- INFORMATION SHOWN:
[Start of section]

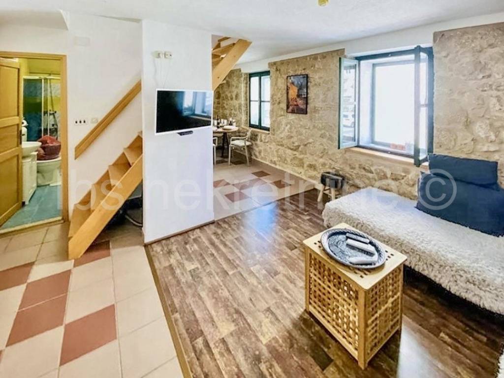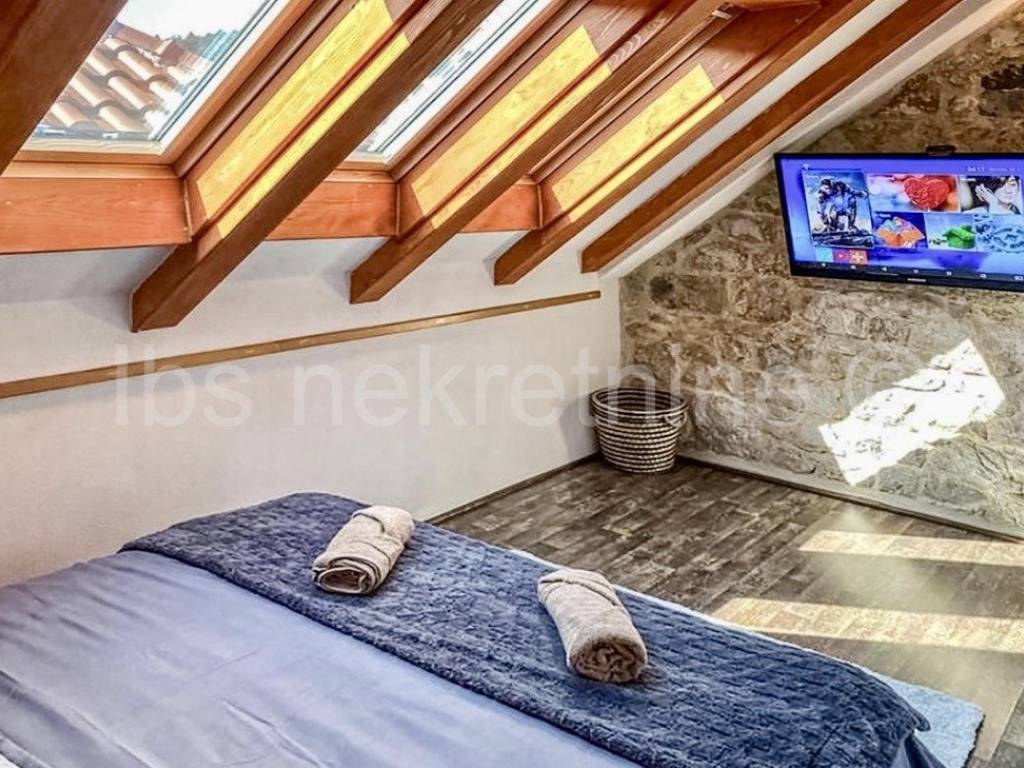 Interijer je pažljivo uređen, s naglaskom na očuvane kamene zidove, toplu rasvjetu i funkcionalni raspored, što prostoru daje autentičan dalmatinski karakter. Kuća je opremljena i klimatizirana te spremna za daljnje korištenje.
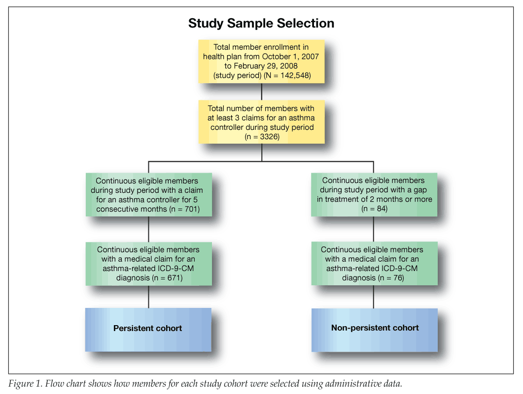 Future analysis will include a longer study period. The intent of the short duration for this study was to identify those members with a recent gap in therapy who could be targeted for interventions before a pattern of nonadherence was established. However, the 5-month study period may have been too short to account for seasonal variations that can influence use of asthma-related services. Moreover, the inclusion criterion of 3 consecutive months of controller medication use may underrepresent the rate of non-persistence with controller therapy. Fu-ture study may also incorporate the use of Current Procedural Technology (CPT) codes to establish treatment of persistent asthma. This will eliminate the need to use pharma- cy claims data to establish chronic treatment.
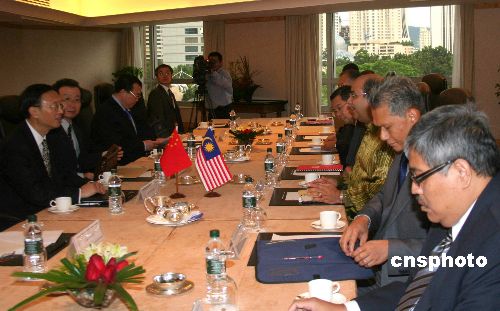 十二月八日傍晚,中國外長楊潔篪(左一)同馬來西亞外長賽義德在吉隆坡東方文華酒店舉行會談,雙方討論了雙邊關系和共同關心的國際和地區問題,就兩國今后合作達成多項共識。中新社發 蘇祥新 攝
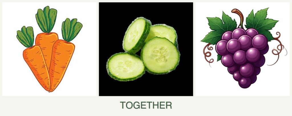 - Growth Requirements: Carrots thrive in cooler temperatures, while cucumbers and grapes prefer warmth.
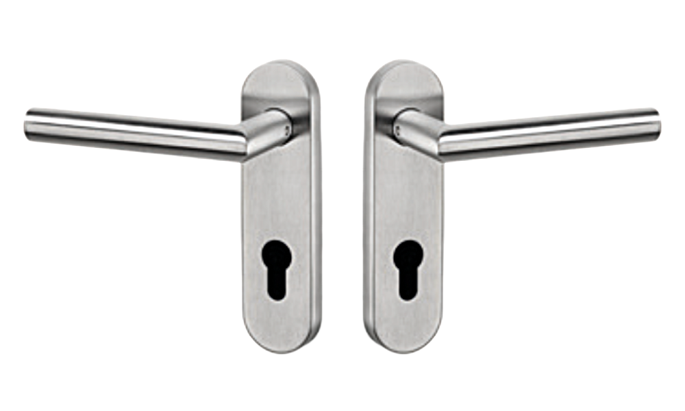 • Edelstahl-Rosetten + Kurzschildgarnituren (AISI 304)
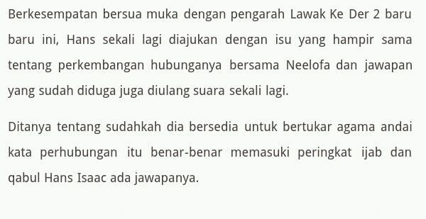 iols pon kurang berkenan dy dengan hans. hans tu tah bila lah nak masuk islam. |
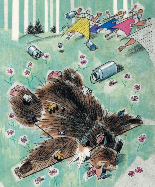 Выскочил медведь на поляну, девушки увидали его – все враз завизжали и так грохнули палками по бидонам, что медведь упал, ткнулся мордой в сухую траву и затих. Девушки, понятно, убежали, только пёстрые их юбки метнулись в кустах.
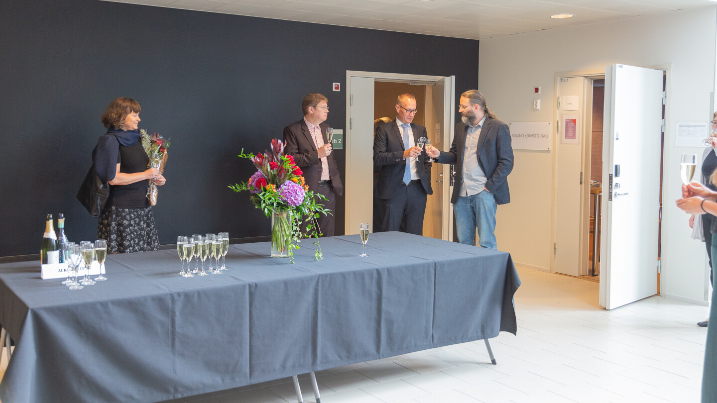Juhlapaikalla maljan saattoiva nostaa vain pieni joukko juhlaväkeä. Publicumin aulassa valmistuneille skoolasivat alumni Terhi Lehtonen, valtio-opin yliopistonlehtori Antti Pajala, Eduskuntatutkimuksen keskuksen johtaja, apulaisprofessori Markku Jokisipilä sekä dekaani, poliittisen historian professori Louis Clerc.
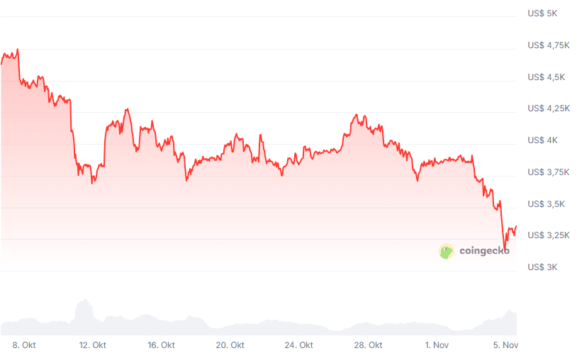 De koers van ethereum bevindt zich deze maand in een neerwaartse trend. Waar deze op 6 oktober nog op 4.600 dollar stond is deze inmiddels gezakt naar het huidige niveau van 3.363 dollar, ruim 1.200 dollar lager. Dit komt neer op een daling van 27 procent in slechts een maand tijd.
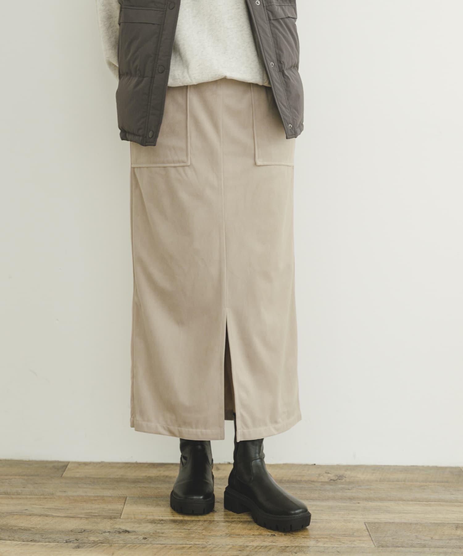 ✔︎スカートはベロア調の生地で、綺麗め感があります。サイドファスナーですが後ろがゴムになっているので苦しくなく履き心地良いです😊

[End of section]

- WHAT THE EXERCISE ASKS: Leave out the pictures and return the rest of the records exactly.

- RESULT:
 Interijer je pažljivo uređen, s naglaskom na očuvane kamene zidove, toplu rasvjetu i funkcionalni raspored, što prostoru daje autentičan dalmatinski karakter. Kuća je opremljena i klimatizirana te spremna za daljnje korištenje.
 Future analysis will include a longer study period. The intent of the short duration for this study was to identify those members with a recent gap in therapy who could be targeted for interventions before a pattern of nonadherence was established. However, the 5-month study period may have been too short to account for seasonal variations that can influence use of asthma-related services. Moreover, the inclusion criterion of 3 consecutive months of controller medication use may underrepresent the rate of non-persistence with controller therapy. Fu-ture study may also incorporate the use of Current Procedural Technology (CPT) codes to establish treatment of persistent asthma. This will eliminate the need to use pharma- cy claims data to establish chronic treatment.
 十二月八日傍晚,中國外長楊潔篪(左一)同馬來西亞外長賽義德在吉隆坡東方文華酒店舉行會談,雙方討論了雙邊關系和共同關心的國際和地區問題,就兩國今后合作達成多項共識。中新社發 蘇祥新 攝
 - Growth Requirements: Carrots thrive in cooler temperatures, while cucumbers and grapes prefer warmth.
 • Edelstahl-Rosetten + Kurzschildgarnituren (AISI 304)
 iols pon kurang berkenan dy dengan hans. hans tu tah bila lah nak masuk islam. |
 Выскочил медведь на поляну, девушки увидали его – все враз завизжали и так грохнули палками по бидонам, что медведь упал, ткнулся мордой в сухую траву и затих. Девушки, понятно, убежали, только пёстрые их юбки метнулись в кустах.
Juhlapaikalla maljan saattoiva nostaa vain pieni joukko juhlaväkeä. Publicumin aulassa valmistuneille skoolasivat alumni Terhi Lehtonen, valtio-opin yliopistonlehtori Antti Pajala, Eduskuntatutkimuksen keskuksen johtaja, apulaisprofessori Markku Jokisipilä sekä dekaani, poliittisen historian professori Louis Clerc.
 De koers van ethereum bevindt zich deze maand in een neerwaartse trend. Waar deze op 6 oktober nog op 4.600 dollar stond is deze inmiddels gezakt naar het huidige niveau van 3.363 dollar, ruim 1.200 dollar lager. Dit komt neer op een daling van 27 procent in slechts een maand tijd.
 ✔︎スカートはベロア調の生地で、綺麗め感があります。サイドファスナーですが後ろがゴムになっているので苦しくなく履き心地良いです😊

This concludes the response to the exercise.